Você é pago por fazer ou fazer algo que as pessoas querem, e aqueles que ganham mais dinheiro são muitas vezes simplesmente melhores em fazer o que as pessoas querem. Os principais atores ganham muito mais dinheiro do que os atores de segunda categoria. O atores de segunda categoria podem ser quase tão carismáticos, mas quando as pessoas vão ao teatro e olham para a lista de filmes em cartaz, eles querem aquele toque extra que as grandes estrelas têm.
Fazer o que as pessoas querem não é a única maneira de ganhar dinheiro, é claro. Você também pode assaltar bancos, solicitar subornos ou estabelecer um monopólio. Tais truques explicam alguma variação na riqueza, e de fato para algumas das maiores fortunas individuais, mas não são a raiz causa da variação na renda. A causa raiz da variação na renda, como a Navalha de Ockham implica, é a mesma que a causa raiz da variação em todas as outras habilidades humanas.
Nos Estados Unidos, o CEO de uma grande empresa pública ganha cerca de 100 vezes mais do que a pessoa média. [3] Jogadores de basquete ganham cerca de 128 vezes mais, e jogadores de beisebol 72 vezes mais. Os editoriais citam esse tipo de estatística com horror. Mas eu tenho nenhum problema em imaginar que uma pessoa poderia ser 100 vezes mais produtiva do que outro. Na Roma antiga, o preço de escravos variava por um fator de 50 dependendo de suas habilidades. [4] E isso sem considerar a motivação, ou a alavancagem extra na produtividade que você pode obter com a tecnologia moderna.
Editoriais sobre os salários de atletas ou CEOs me lembram os primeiros escritores cristãos, argumentando a partir de primeiros princípios sobre se o A Terra era redonda, quando eles podiam simplesmente sair e verificar. [5] Quanto vale o trabalho de alguém não é uma questão de política.
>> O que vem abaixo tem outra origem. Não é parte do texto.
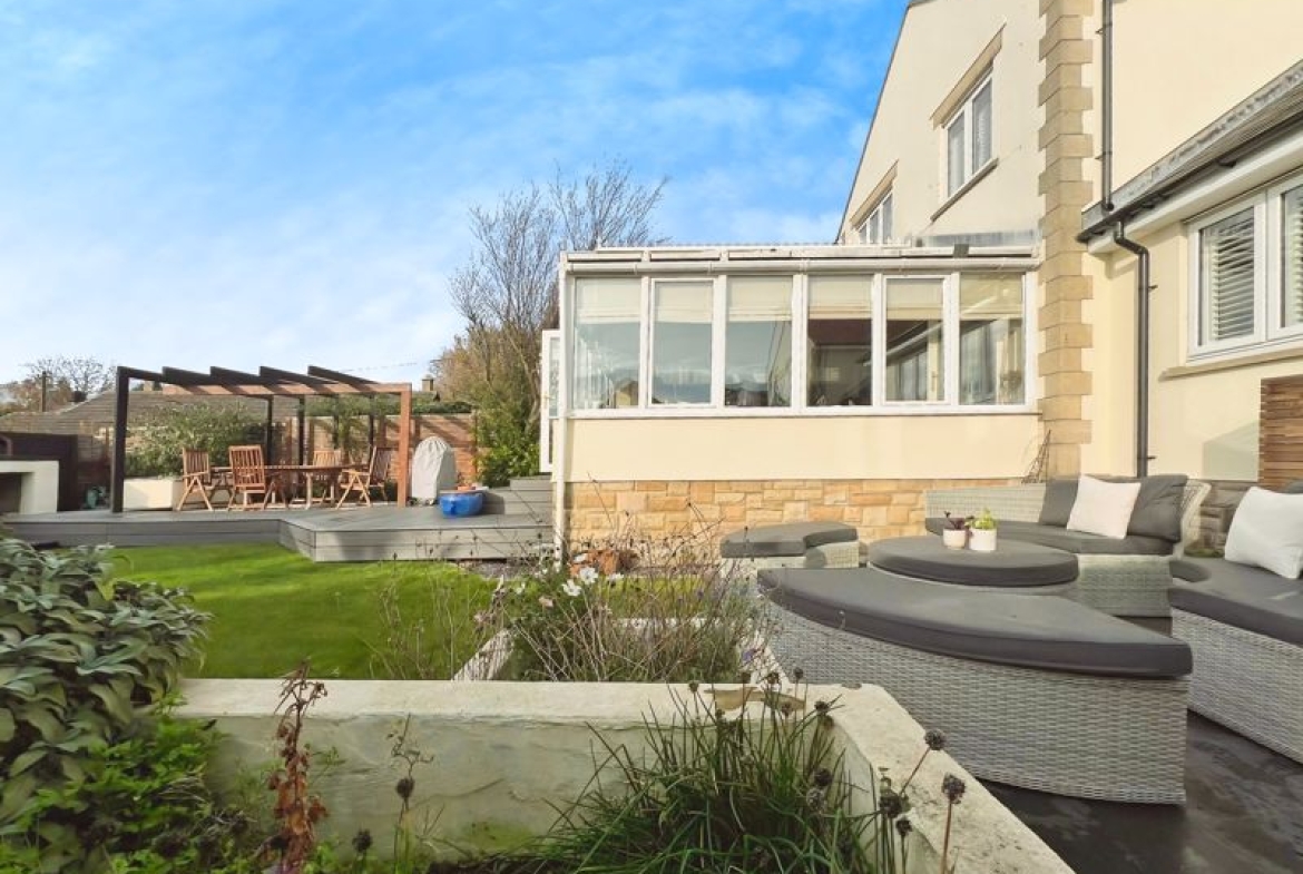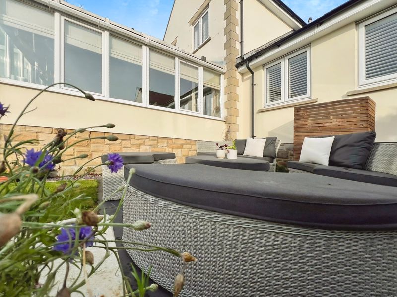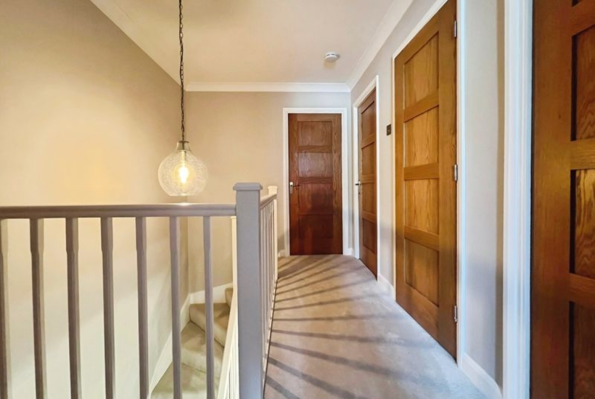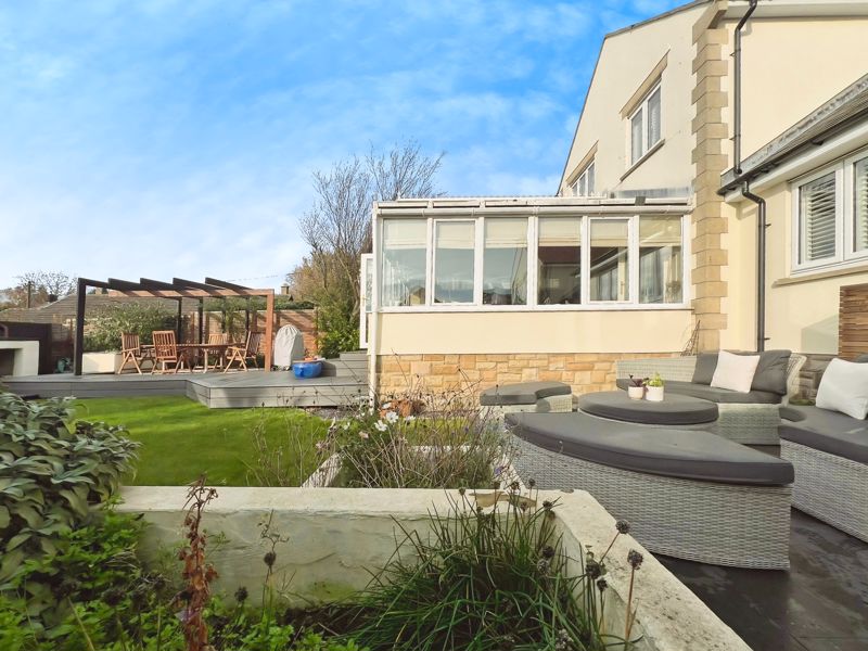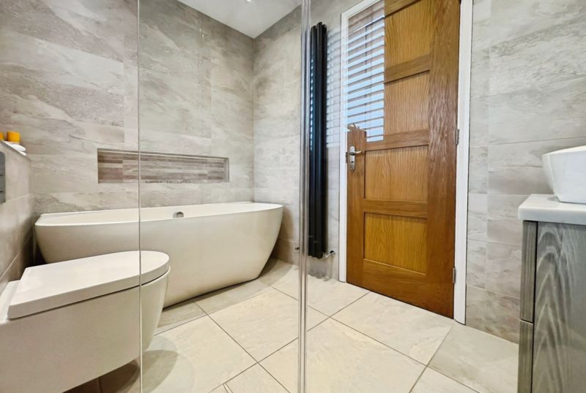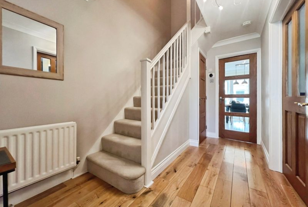 Three welcoming reception rooms offer flexible spaces for relaxation and entertaining. The main living room benefits from large windows and a log burner, creating a cosy environment. The dining room includes French doors that open into the sun room, while the conservatory, complete with heated flooring, offers direct access to the garden.

É algo que o mercado já determina.
"Eles realmente valem 100 de nós?" perguntam os editorialistas. Depende do o que você quer dizer com valer. Se você quer dizer valer no sentido do que as pessoas pagarão por suas habilidades, a resposta é sim, aparentemente.
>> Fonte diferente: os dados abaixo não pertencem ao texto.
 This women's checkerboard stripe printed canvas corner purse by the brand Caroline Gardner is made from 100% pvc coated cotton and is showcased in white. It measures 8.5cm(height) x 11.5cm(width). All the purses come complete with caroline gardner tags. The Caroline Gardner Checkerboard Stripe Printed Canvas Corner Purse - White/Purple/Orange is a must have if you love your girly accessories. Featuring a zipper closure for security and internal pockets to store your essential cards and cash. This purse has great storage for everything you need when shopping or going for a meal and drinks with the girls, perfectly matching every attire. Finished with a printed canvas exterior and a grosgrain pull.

As rendas de alguns CEOs refletem algum tipo de má conduta. Mas existem não outros cujas rendas realmente refletem a riqueza que eles geram? Steve Jobs salvou uma empresa que estava em declínio terminal. E não apenas da forma como um especialista em reviravoltas faz, cortando custos; ele teve que decidir quais seriam os próximos produtos da Apple. Poucos outros poderiam ter feito isso. E independentemente do caso com os CEOs, é difícil ver como alguém poderia argumentar que os salários de profissionais jogadores de basquete não refletem a oferta e a demanda.
Pode parecer improvável em princípio que um indivíduo realmente gerar muito mais riqueza do que outro. A chave para este mistério é rever essa pergunta, eles realmente valem 100 de nós? Faria um time de basquete trocar um de seus jogadores por 100 pessoas aleatórias? Como seria o próximo produto da Apple se você substituiu Steve Jobs por um comitê de 100 pessoas aleatórias? [6] Esses as coisas não escalam linearmente. Talvez o CEO ou o profissional o atleta tem apenas dez vezes (o que quer que isso signifique) a habilidade e determinação de uma pessoa comum. Mas faz toda a diferença que está concentrado em um indivíduo.
Quando dizemos que um tipo de trabalho é superpago e outro subpago, o que estamos realmente dizendo? Em um mercado livre, os preços são determinados pelo que os compradores querem. As pessoas gostam mais de beisebol do que de poesia, então os jogadores de beisebol ganham mais do que os poetas. Dizer que um certo tipo de trabalho é subpago é, portanto, idêntico a dizer que as pessoas querem as coisas erradas.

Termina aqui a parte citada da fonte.